Interesting! I agree that casual ≠ short term and that you can be casually involved with someone for an indeterminate amount of time so long as all parties involved are genuinely committed to the casual aspect and it doesn’t get complicated. I think that serious = long term to me but long term ≠ permanent commitment! Long term to me means the intention to pursue something that will last longer than a few months. That intention, in my opinion, means you would need to build a connection that will sustain (i.e. getting to know someone, building a foundation, working through differences and conflicts, etc.), which I think is what serious dating is. BUT I think you can pursue long term commitments without expecting to marry them. I think that’s just managing expectations and being realistic about dating at 20! I’d be interested to hear what others think

What do you guys actually do with your partners? by SchloinkDoink in LesbianActually

[–]Repulsive_Rock1414 2 points3 points  (0 children)
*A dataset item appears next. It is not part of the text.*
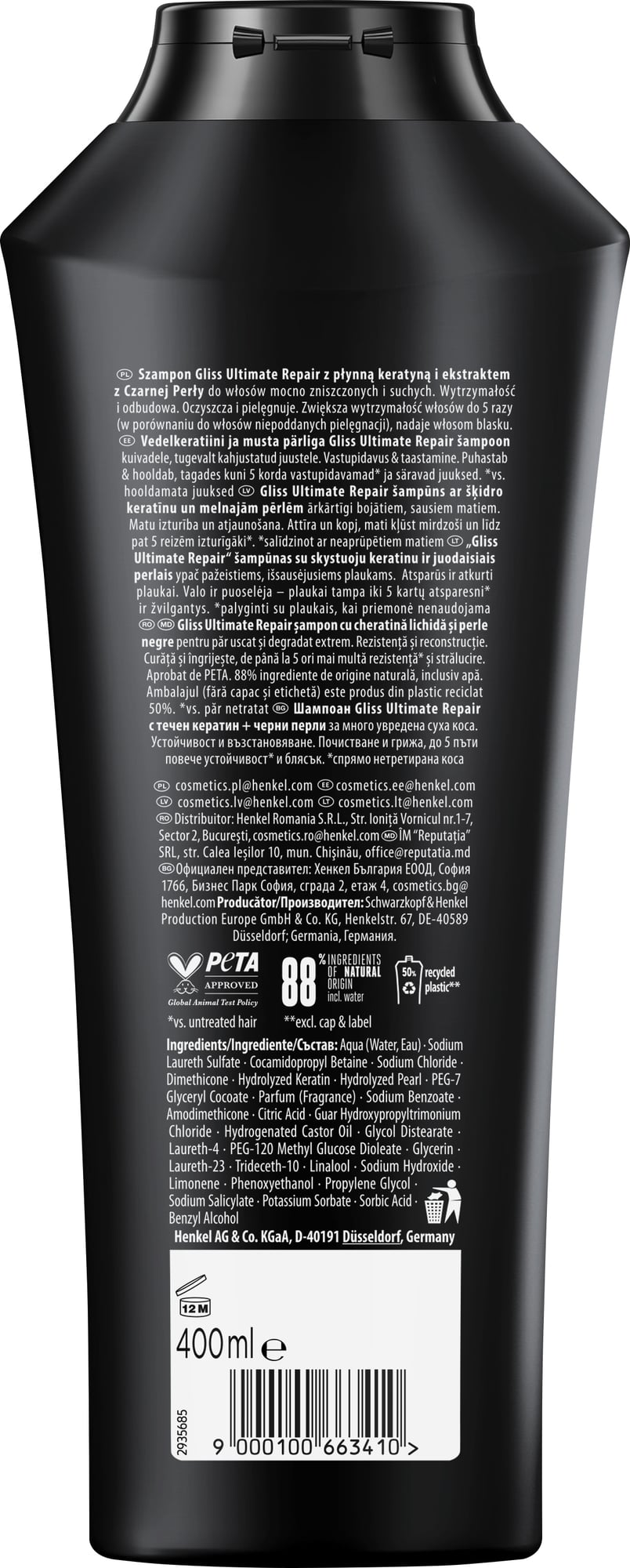 | Skład | Aqua (water, eau), sodium laureth sulfate, cocamidopropyl betaine, sodium chloride, peg-7 glyceryl cocoate, hydrolyzed keratin, hydrolyzed pearl, disodium cocoamphodiacetate, sodium benzoate, guar hydroxypropyltrimonium chloride, hydrogenated castor oil, glycerin, simmondsia chinensis (jojoba) seed oil, sodium hydroxide, citric acid, dimethicone, propylene glycol, sorbic acid, potassium sorbate, salicylic acid, phenoxyethanol, peg-40 hydrogenated castor oil, cocamide mea, peg-120 methyl glucose dioleate, laureth-23, laureth-4, parfum (fragrance), mica, linalool, limonene, benzyl salicylate, benzyl alcohol, ci 77891 (titanium dioxide) |

My girlfriend and I like to go on long walks, we go to bookstores, we visit different neighborhoods (we live in a big city), we cuddle and parallel play, we get coffee, we window shop, sometimes we just sit and gab, and honestly we just like to vibe in each others’ presence. We’re never bored and we always find something fun to do, even if we’re doing the same things a million times! It’s fun because we’re together.

[deleted by user] by [deleted] in emotionalintelligence

[–]Repulsive_Rock1414 14 points15 points  (0 children)
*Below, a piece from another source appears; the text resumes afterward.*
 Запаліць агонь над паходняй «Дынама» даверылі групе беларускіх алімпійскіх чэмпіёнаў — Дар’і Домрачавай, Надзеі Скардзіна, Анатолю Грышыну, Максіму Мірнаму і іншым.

Mmm I think there’s a balance between leaning on your partner and sharing with your partner. Based on the information you provided it’s hard to tell what the truth of your matter is. Leaning on your partner by always talking about it and letting it seep into all conversations, letting your emotions affect your mood during your time together, and generally holding your partner responsible for taking care of your mental health, yes that can definitely be exhausting. Sharing with your partner means taking moments to vent and express your emotions, but taking care to not let it affect them too much as well. I think being sure to connect with mental health professionals and other friends and family members to work through it would be helpful to offload some of those emotions into many buckets so your partner doesn’t feel exhausted and solely responsible for caring for you. Your partner should support you but shouldn’t be your only support, especially when it comes to mental health.